--- Data for the task ---
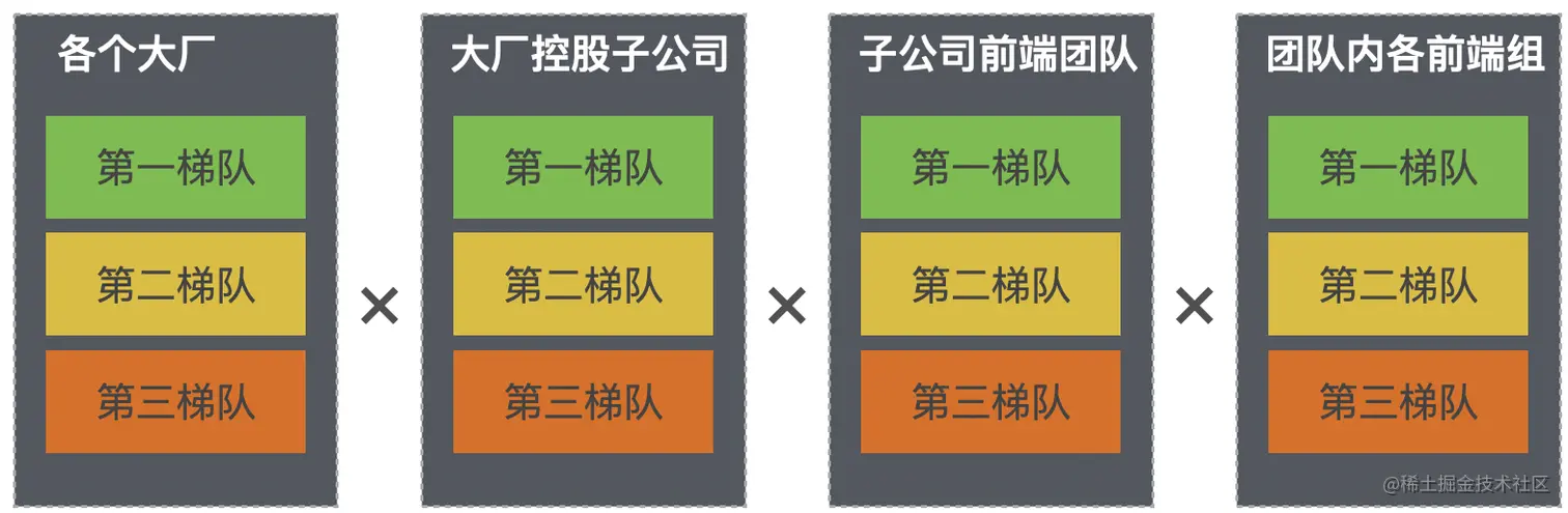 结论:大厂分一二三梯队(小厂也同理),在大厂控股的所有子公司里面,也分一二三梯队,在某个公司里面的多个部门的前端团队,也分一二三梯队,在一个前端团队内部划分的几个组里面,也分一二三梯队,梯队越靠前,进入难度越高。
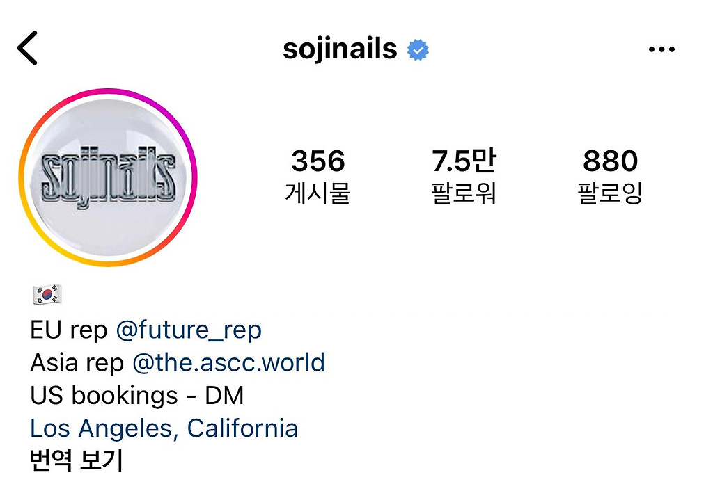 소진 오킴 카다시안, 카일리 제너, 릴 나스 엑스, 빌리 아일리시 등등 요새 핫한 헐리웃들이 엄청 찾는 네일 아티스트라고 함
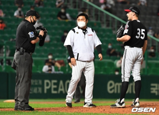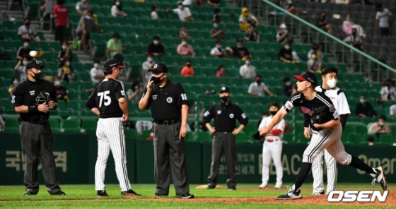 LG가 10-2로 앞선 5회말. SK 선두타자 최지훈을 상대로 윌슨이 초구 스트라이크를 던졌다. 그런데 거의 곧바로 구명환 주심과 이영재 2루심이 마운드로 다가와 윌슨의 투구 동작을 지적했다. 세트 포지션 자세에서 발을 구르는 동작에 대해 지적한 것이다. 류중일 감독까지 마운드로 걸어와 이영재 2루심을 향해 3분 넘게 어필하며 맞섰다.
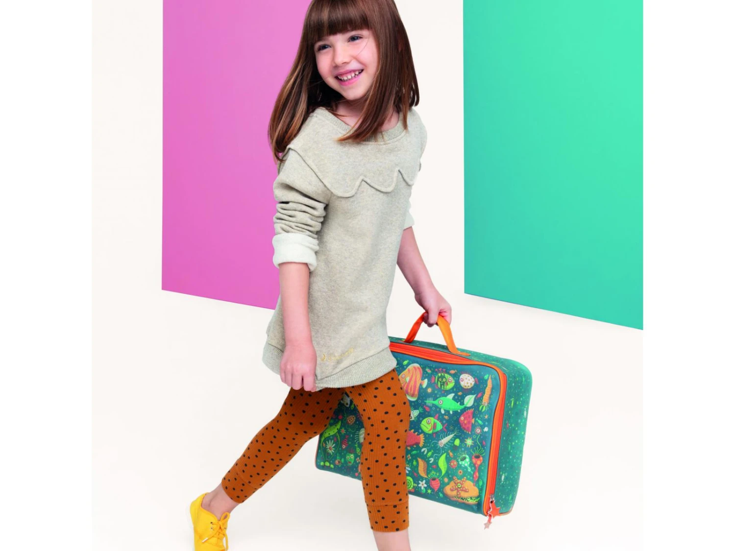 Une valise joliment illustrée d’un décor marin, parfaite pour emporter ses affaires pour les vacances ou le temps d’un week-end. Cette valise est imperméable. Son intérieur textile se compose d’un grand compartiment. Légère, elle se transporte facilement grâce à son anse.
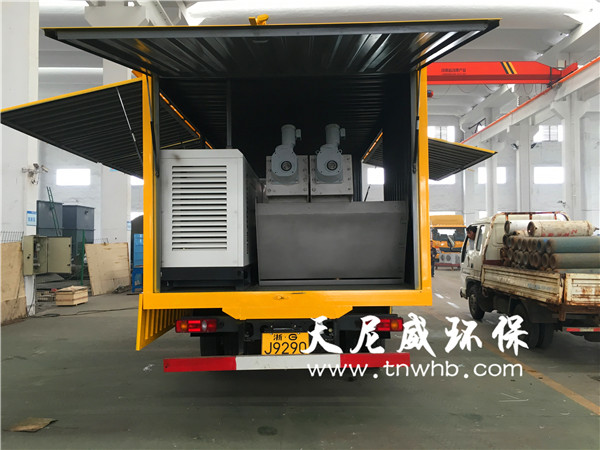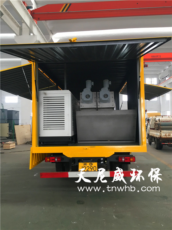 車載式污泥脫水機(另稱:化糞池清理車、移動脫水機),包括車體、污泥壓干機、進料泵和攪拌裝置,所述進料泵安裝在所述車體的一側,在所述進料泵的出口端連接著管道,所述管道的另一端連接著所述攪拌裝置,所述攪拌裝置中設有空氣壓縮系統,所述攪拌裝置的污泥出口處連接著所述污泥壓干機,所述污泥壓干機的出處依次連接著皮帶機和集裝箱,所述攪拌裝置、污泥壓干機和皮帶機安裝在所述車體的中部,所述集裝箱安裝所述車體的后方。
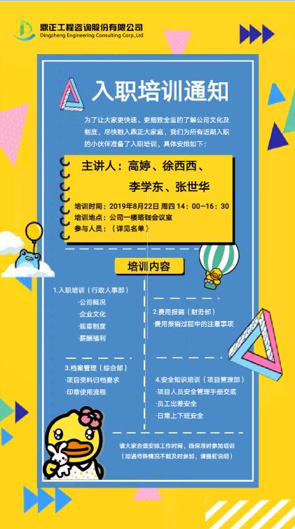 8月22日下午,鼎正咨詢8月新員工入職培訓于鼎正珞珈多功能廳舉行,副總經理毛迎霞出席,13名新員工參與本次培訓。本次培訓旨在幫助新員工們盡快了解公司企業文化與發展歷程、熟悉公司相關規章制度,增強員工的歸屬感,提升員工的工作技能,快速融入公司。
---
_Directions for this task_
Give the data again exactly as written, with no pictures included.

_Response area_
 结论:大厂分一二三梯队(小厂也同理),在大厂控股的所有子公司里面,也分一二三梯队,在某个公司里面的多个部门的前端团队,也分一二三梯队,在一个前端团队内部划分的几个组里面,也分一二三梯队,梯队越靠前,进入难度越高。
 소진 오킴 카다시안, 카일리 제너, 릴 나스 엑스, 빌리 아일리시 등등 요새 핫한 헐리웃들이 엄청 찾는 네일 아티스트라고 함
 LG가 10-2로 앞선 5회말. SK 선두타자 최지훈을 상대로 윌슨이 초구 스트라이크를 던졌다. 그런데 거의 곧바로 구명환 주심과 이영재 2루심이 마운드로 다가와 윌슨의 투구 동작을 지적했다. 세트 포지션 자세에서 발을 구르는 동작에 대해 지적한 것이다. 류중일 감독까지 마운드로 걸어와 이영재 2루심을 향해 3분 넘게 어필하며 맞섰다.
 Une valise joliment illustrée d’un décor marin, parfaite pour emporter ses affaires pour les vacances ou le temps d’un week-end. Cette valise est imperméable. Son intérieur textile se compose d’un grand compartiment. Légère, elle se transporte facilement grâce à son anse.
 車載式污泥脫水機(另稱:化糞池清理車、移動脫水機),包括車體、污泥壓干機、進料泵和攪拌裝置,所述進料泵安裝在所述車體的一側,在所述進料泵的出口端連接著管道,所述管道的另一端連接著所述攪拌裝置,所述攪拌裝置中設有空氣壓縮系統,所述攪拌裝置的污泥出口處連接著所述污泥壓干機,所述污泥壓干機的出處依次連接著皮帶機和集裝箱,所述攪拌裝置、污泥壓干機和皮帶機安裝在所述車體的中部,所述集裝箱安裝所述車體的后方。
 8月22日下午,鼎正咨詢8月新員工入職培訓于鼎正珞珈多功能廳舉行,副總經理毛迎霞出席,13名新員工參與本次培訓。本次培訓旨在幫助新員工們盡快了解公司企業文化與發展歷程、熟悉公司相關規章制度,增強員工的歸屬感,提升員工的工作技能,快速融入公司。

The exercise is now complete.